Weaviate error "transferring leadership" on single node cluster

Description

We are seeing periodic errors in Weaviate, “transferring leadership” but we are only using a single node cluster so the RAFT algorithm makes no sense here. It takes hours for Weaviate to recover sometimes, and it brings down our whole application.

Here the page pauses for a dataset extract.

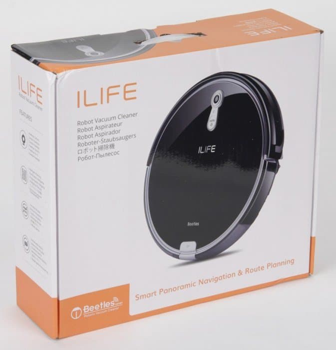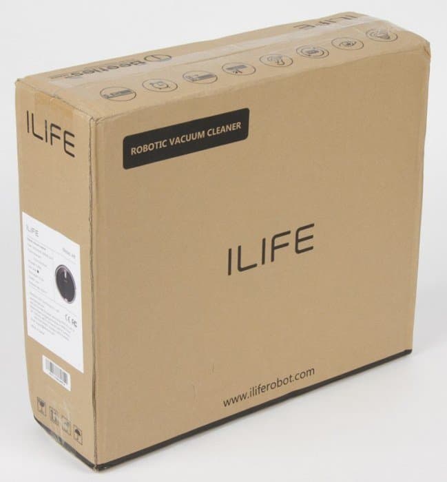 Робот-пылесос iLife A8 упакован в две коробки — внешнюю защитную из толстого гофрокартона, и внутреннюю из картона потоньше и уже с ручкой.

We also see these errors in the client when this happens:

API_ERROR:
UnexpectedStatusCodeError
message: Collection may not exist.! Unexpected status code: 500, with response body: {‘error’: [{‘message’: ‘failed to execute query: leader not found’}]}.

This is our environement variables:

ENV QUERY_DEFAULTS_LIMIT=25
ENV AUTHENTICATION_ANONYMOUS_ACCESS_ENABLED=true
ENV PERSISTENCE_DATA_PATH=/var/lib/weaviate
ENV DEFAULT_VECTORIZER_MODULE=none
ENV ENABLE_MODULES=text2vec-cohere,text2vec-huggingface,text2vec-palm,text2vec-openai,generative-openai,generative-cohere,generative-palm,ref2vec-centroid,reranker-cohere,qna-openai,backup-filesystem
ENV CLUSTER_HOSTNAME=node1
ENV BACKUP_FILESYSTEM_PATH=‘/var/lib/weaviate/backups’

One proposed solution I saw somewhere is setting:

ENV RAFT_BOOTSTRAP_EXPECT=1

Will that help?

Server Setup Information

  • Weaviate Server Version: Docker file semitechnologies/weaviate:1.26.5
  • Deployment Method: k8s
  • Multi Node? No Number of Running Nodes: 1
  • Client Language and Version: Python 3.10
  • Multitenancy?: No

Any additional Information

For some reason we are unable to reproduce the problem on our development environment, only in production. The only difference I can see is the size of the database, production is much larger.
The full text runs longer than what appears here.